Clara menatap dirinya di depan cermin, ia menggunakan gaun pengantin yang begitu mewah.
Clara
Kenapa aku harus menjalani ini? Kenapa aku harus menikah dengan seseorang yang bahkan belum pernah kutemui?
(dalam hati)
Clara
(Menatap wajahnya di cermin, mencoba meyakinkan diri)
Ini demi keluarga. Ini demi ibu. Aku tidak bisa mengecewakan mereka.

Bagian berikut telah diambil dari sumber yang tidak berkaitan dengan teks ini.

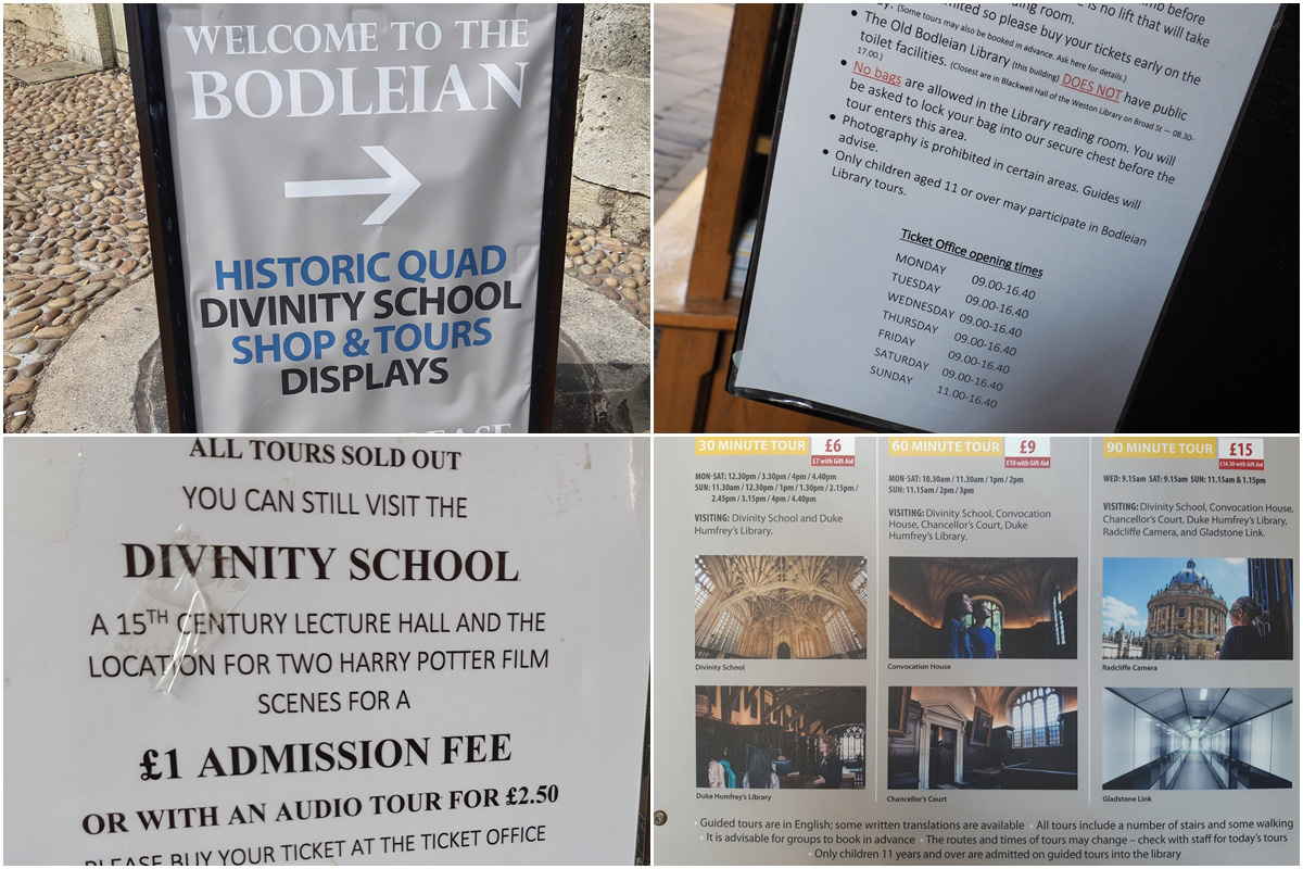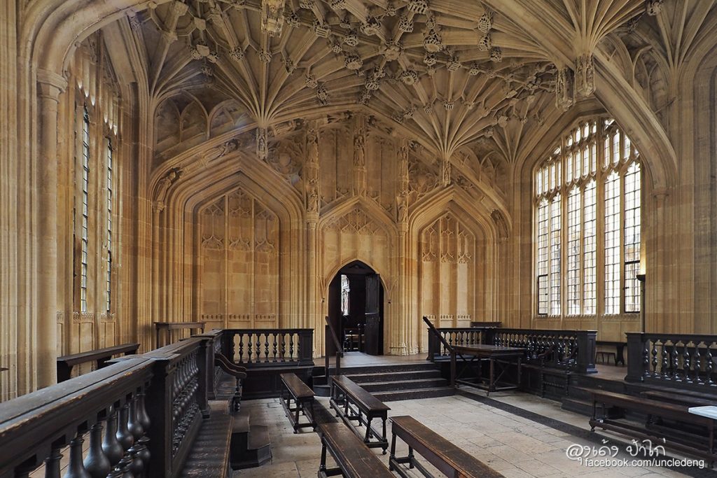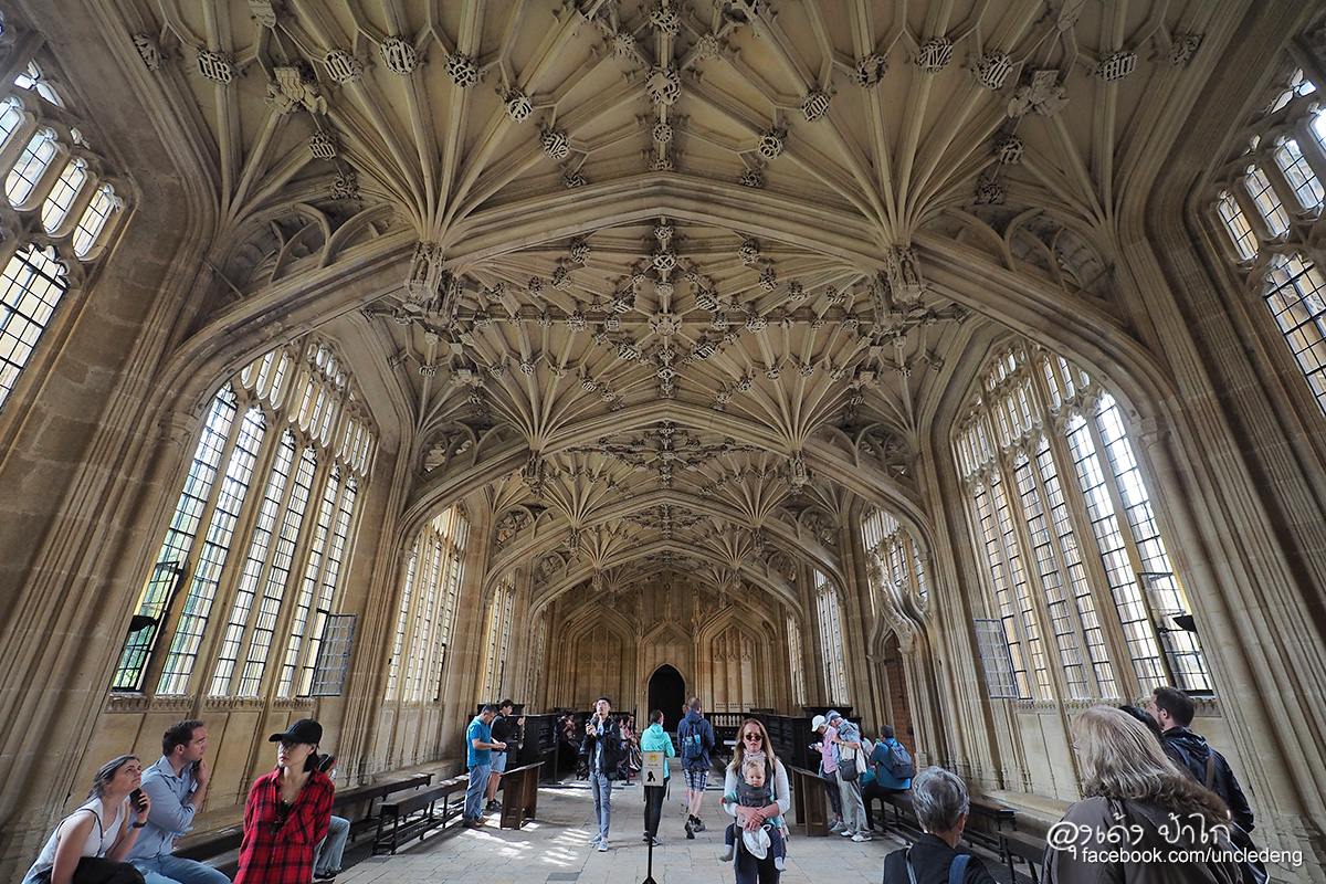 สถานที่ต่อไปคือ Bodleian Library & Divinity School ซึ่งก็อยู่ใกล้ๆ กับ Hertford Bridge อาคารนี้คือห้องสมุดที่ใหญ่ และเก่าแก่ที่สุดแห่งหนึ่งในยุโรป เป็นที่รวบรวมหนังสือหายาก หนังสือต้นฉบับ เอกสารสำคัญทางประวัติศาสตร์ แผนที่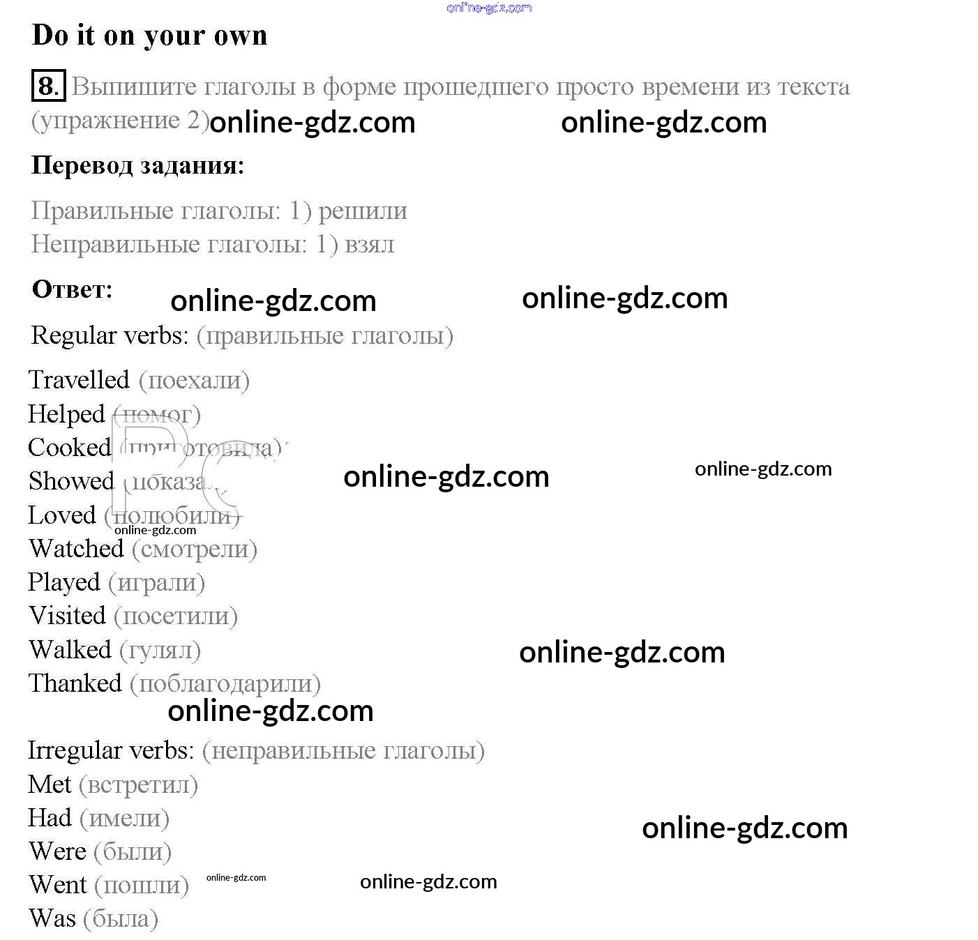 Готовые домашние задания по Английскому языку за 5 класс Учебник Афанасьева, Михеева Rainbow 2017 - Step 3 Unit 1. Holidays Are Over 8

Tiba"bara masuk ke ruangan clara
Bara
Apa lo siap?
Clara
Aku... aku rasa begitu. Tapi aku tidak tahu apa yang harus aku rasakan. Ini semua terlalu cepat.
Bara
Tak usah di hiraukan
Clara
(Tersenyum pahit) Aku mengerti. Tapi aku merasa seperti aku hanya ada di sini karena kewajiban.
Bara
Benar. Ini memang hanya formalitas. Tidak ada yang lebih dari itu. Kita hanya melakukannya untuk menjaga hubungan bisnis keluarga kita. (tegas)
Clara
(mencoba menahan air mata) Aku tidak tahu apakah aku bisa melakukannya, Bara. Ini terasa sangat berat.
Bara
*Langsung pergi mengabaikan Clara
Pernikahan itu akhirnya tiba. Clara berjalan pelan menuju altar, kaki terasa berat, seperti ada beban besar yang menggantung di dadanya.
Di depannya, Bara berdiri tegak. Sosoknya tinggi, mengenakan jas hitam rapi, dengan ekspresi datar yang sulit dibaca. Tidak ada senyuman, tidak ada sapaan lembut. Tidak ada yang menunjukkan bahwa ini adalah hari yang seharusnya bahagia.
Pendeta
Apakah kamu, Bara, bersedia menerima Clara sebagai istrimu, untuk menjalani hidup bersama dalam suka dan duka?
Bara
Ya
Pendeta
Dan apakah kamu, Clara, bersedia menerima Bara sebagai suamimu, untuk menjalani hidup bersama dalam suka dan duka?
Clara
Yaa, saya bersedia.
Prosesi itu berlangsung dengan cepat. Mereka bertukar cincin, dan Clara merasakan beratnya cincin yang melingkar di jarinya. Tidak ada ucapan manis atau janji-janji penuh kasih. Hanya sekadar seremonial yang dilakukan untuk memenuhi kewajiban.